Solve by completing the square

\[6x^{2}+13x+5=0\]

Solution:

First, divide by \(6\) to get the leading coefficient equal to one.

\[x^{2}+\frac{13}{6}x+\frac{5}{6}=0.\]

Second, subtract \(\frac{5}{6}\) from both sides and leave space to “complete the square”.

\[x^{2}+\frac{13}{6}x+\underline{\,\,\,\,}=-\frac{5}{6}+\underline{\,\,\,\,}.\]

Third, complete the square by adding \(\left(\dfrac{\frac{13}{6}}{2}\right)^{2}=\left(\dfrac{13}{12}\right)^{2}=\dfrac{169}{144}\) to both sides

\[\begin{split}\begin{aligned} x^{2}+\frac{13}{6}x+\frac{169}{144} & =-\frac{5}{6}+\frac{169}{144}\\ \left(x+\frac{13}{12}\right)^{2} & =\frac{49}{144}\\ x+\frac{13}{12} & =\pm\sqrt{\frac{49}{144}}\\ x & =-\frac{13}{12}\pm\frac{7}{12}=\begin{cases} -\frac{13}{12}+\frac{7}{12} & =-\frac{6}{12}=-\frac{1}{2}\\ -\frac{13}{12}-\frac{7}{12} & =-\frac{20}{12}=-\frac{5}{3} \end{cases}\end{aligned}\end{split}\]

The solution \(x=\{-\frac{1}{2},-\frac{5}{3}\}\).

Example 27

Give the center center and radius of the circle with equation

\[2x^{2}+2y^{2}+2x-6y=45\]

Solution:

First, we will divide both sides by \(2\) to get \(x^{2}\) and \(y^{2}\) to have coefficients of one (in preparation of completing the square).

\[\begin{split}\begin{aligned} 2x^{2}+2y^{2}+2x-6y & =45\\ x^{2}+y^{2}+x-3y & =\frac{45}{2}\end{aligned}\end{split}\]

Second, we group up the \(x\) and \(y\) variable terms.
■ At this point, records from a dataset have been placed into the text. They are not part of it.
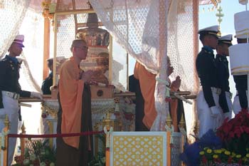 今天早上,泰國(guó)曼谷空軍機(jī)場(chǎng)舉行了隆重的送歸儀式。泰國(guó)文化部長(zhǎng)烏萊婉致詞,她以泰國(guó)政府、佛教界和全國(guó)人民的名義,衷心感謝中國(guó)政府為慶祝泰國(guó)國(guó)王陛下75圣壽大吉,同意佛牙舍利自2002年12月15日至2003年2月28日共76天,赴泰佛統(tǒng)府佛教城臨時(shí)供奉76天。她說,供奉期間,泰國(guó)人民前往佛教城舉行各種各樣的參拜活動(dòng)。泰國(guó)王儲(chǔ)殿下于1月9日代表國(guó)王陛下前往參拜,泰國(guó)佛教最高領(lǐng)袖僧王兩次參拜,泰國(guó)樞密院主席、國(guó)會(huì)主席、上議院主席、內(nèi)閣主要領(lǐng)導(dǎo)人以及眾多議員都前往參拜。在佛牙舍利臨時(shí)赴泰供奉事宜圓滿成功之際,泰國(guó)政府對(duì)中國(guó)政府和人民以及中國(guó)佛教協(xié)會(huì)表示衷心的感謝,并祝愿泰中友好萬古長(zhǎng)青。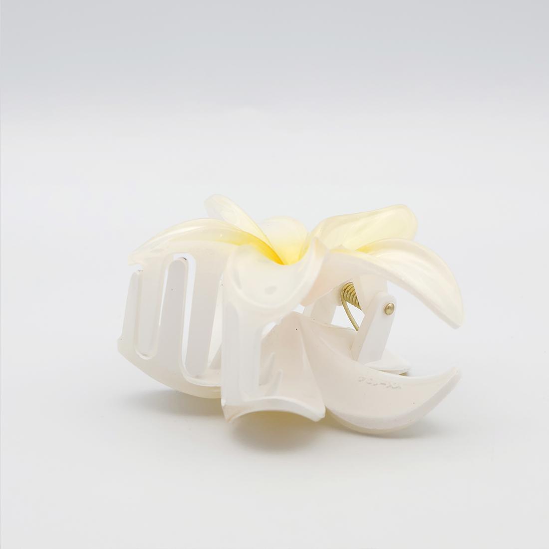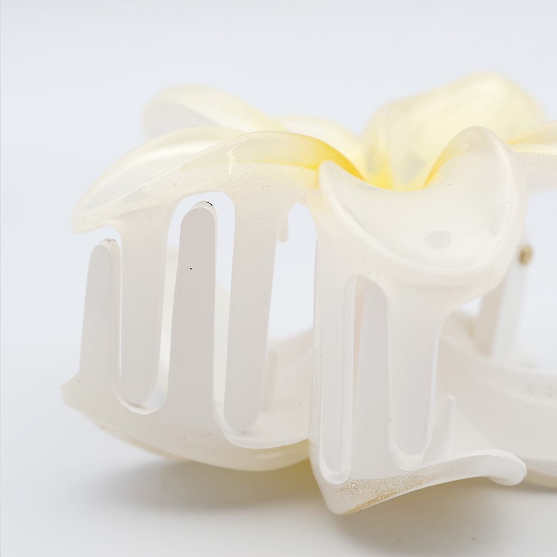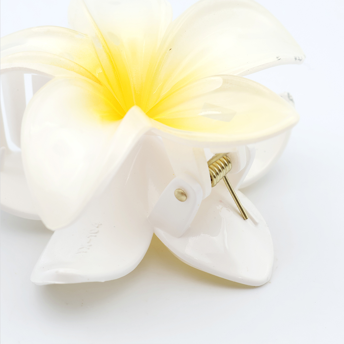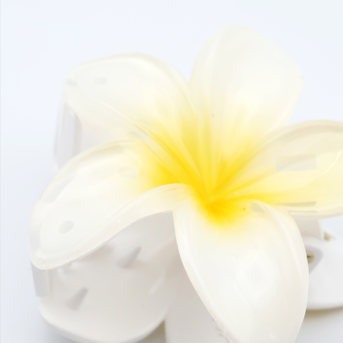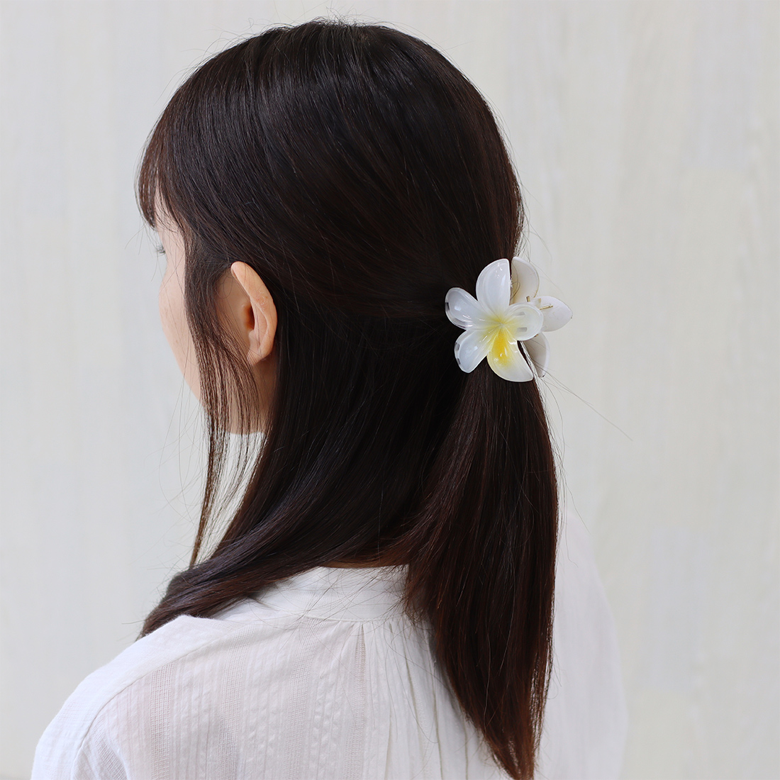 かわいいプルメリアの花が髪に彩りを添えるヘアクリップです。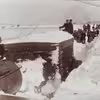 Morgenposttoget fra Odense sidder fast i sneen mellem Ladby og kølstrup eller også er det sneploven, der sidder fast mellem Mesinge og Taarup, februar 1936.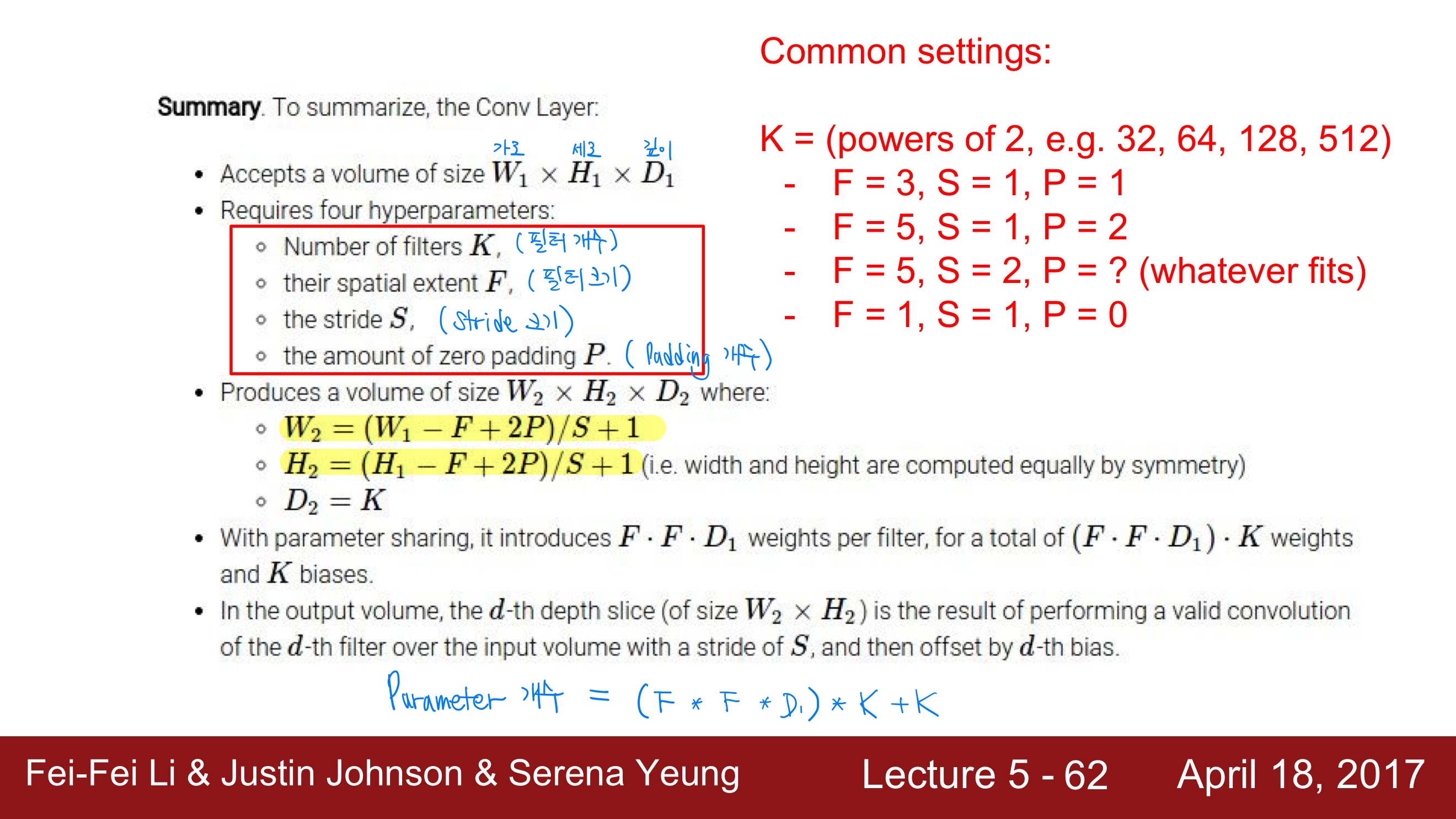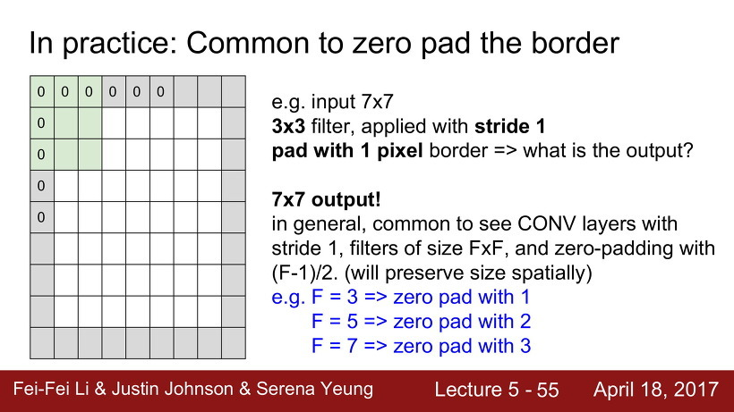일반적인 경우엔 convolutional layer은 stride는 1로 하고, filter 크기가 F X F라면 padding은 (F-1)/2의 크기만큼 한다고 한다.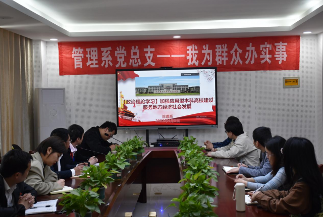 4月6日,管理系在明辨楼KN301召开“加强应用型本科高校建设服务地方经济社会发展”专题学习。管理系主任孙小飞主持会议,全体教职工通过线上、线下方式参加会议。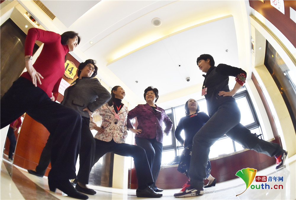 劳逸结合 委员们大跳健身操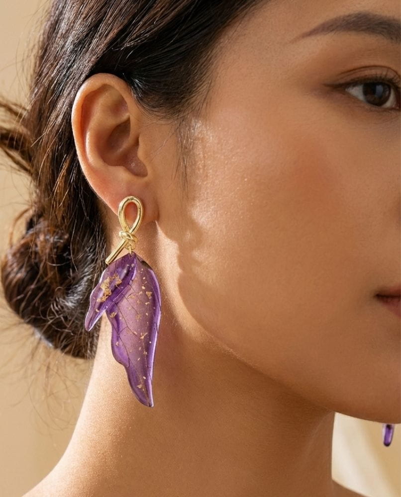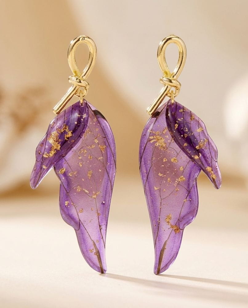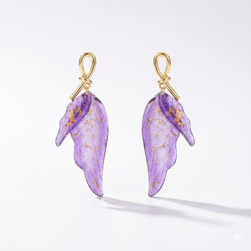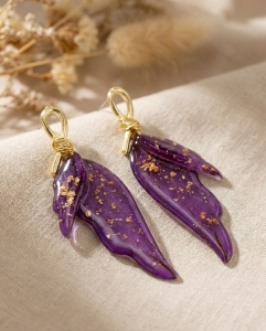 Zatopione drobinki prawdziwego blasku – Głęboki, fioletowy odcień żywicy został wzbogacony o płatki złota, które przepięknie pracują ze światłem. Każda para jest unikatowa – nie ma dwóch identycznych skrzydeł, dokładnie tak jak w naturze.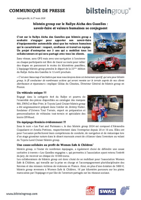 C’est sur le Rallye Aïcha des Gazelles que Bilstein Group a souhaité s’engager pour apporter son savoir-faire d’équipementier automobile ainsi que les valeurs humaines qui le caractérisent : respect, confiance et travail en équipe. Un projet d’entreprise sur 3 ans qui a mobilisé tous les collaborateurs et qui sera partagé avec tous les clients.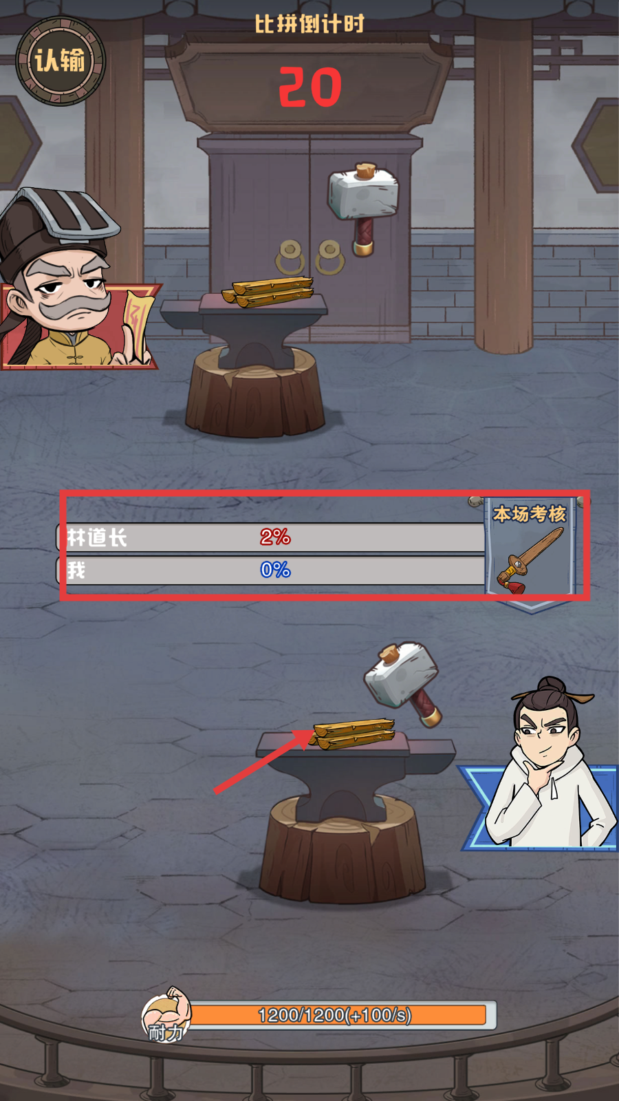 3、比拼倒计时内,快速点击锤子加工木料,追赶【林道长-2%】进度,争夺考核胜利。

Third, find the completing the square term by computing \(\left(\frac{b}{2}\right)^{2}\). For \(x\), \(b=1\). For \(y\), \(b=-3\).

\[\begin{split}\begin{aligned} \left(x^{2}+x+\underline{\,\,\,}_{1}\right)+\left(y^{2}-3x+\underline{\,\,\,}_{2}\right) & =\frac{45}{2}+\underline{\,\,\,}_{1}+\underline{\,\,\,}_{2}\\ \underline{\,\,\,}_{1} & =\left(\frac{1}{2}\right)^{2}=\frac{1}{4}\\ \underline{\,\,\,}_{2} & =\left(\frac{-3}{2}\right)^{2}=\frac{9}{4}\\ \left(x^{2}+x+\frac{1}{4}\right)+\left(y^{2}-3x+\frac{9}{4}\right) & =\frac{45}{2}+\frac{1}{4}+\frac{9}{4}\\ \left(x+\frac{1}{2}\right)^{2}+\left(y-\frac{3}{2}\right)^{2} & =25\\ \left(x-\left(-\frac{1}{2}\right)\right)^{2}+\left(y-\frac{3}{2}\right)^{2} & =5^{2}\end{aligned}\end{split}\]

This means, the implicit equation \(2x^{2}+2y^{2}+2x-6y=45\) can be rewritten as \(\left(x+\frac{1}{2}\right)^{2}+\left(y-\frac{3}{2}\right)^{2}=25\). From the second equation we notice

\[\begin{split}\begin{aligned} (h,k) & =(-\frac{1}{2},\frac{3}{2})\\ r^{2} & =25\implies r=\sqrt{25}=5.\end{aligned}\end{split}\]

Therefore, the center for the circle is \((-\frac{1}{2},\frac{3}{2})\) and \(r=5\).

Example 28

Give the center and radius of the circle represented by the equation

\[x^{2}+y^{2}+6x+8y+9=0.\]

\[\begin{split}\begin{aligned} x^{2}+y^{2}+6x+8y & =-9\\ \left(x^{2}+6x+c_{1}\right)+\left(y^{2}+8y+c_{2}\right) & =-9+c_{1}+c_{2}\\ c_{1} & =\left(\frac{6}{2}\right)^{2}=\left(3\right)^{2}=9\\ c_{2} & =\left(\frac{8}{2}\right)^{2}=\left(4\right)^{2}=16\\ \left(x^{2}+6x+9\right)+\left(y^{2}+8y+16\right) & =-9+9+16\\ (x+3)^{2}+(y+4)^{2} & =16\\ (x-(-3))^{2}+(y-(-4))^{2} & =4^{2}\\ (h,k) & =(-3,-4)\\ r & =4\end{aligned}\end{split}\]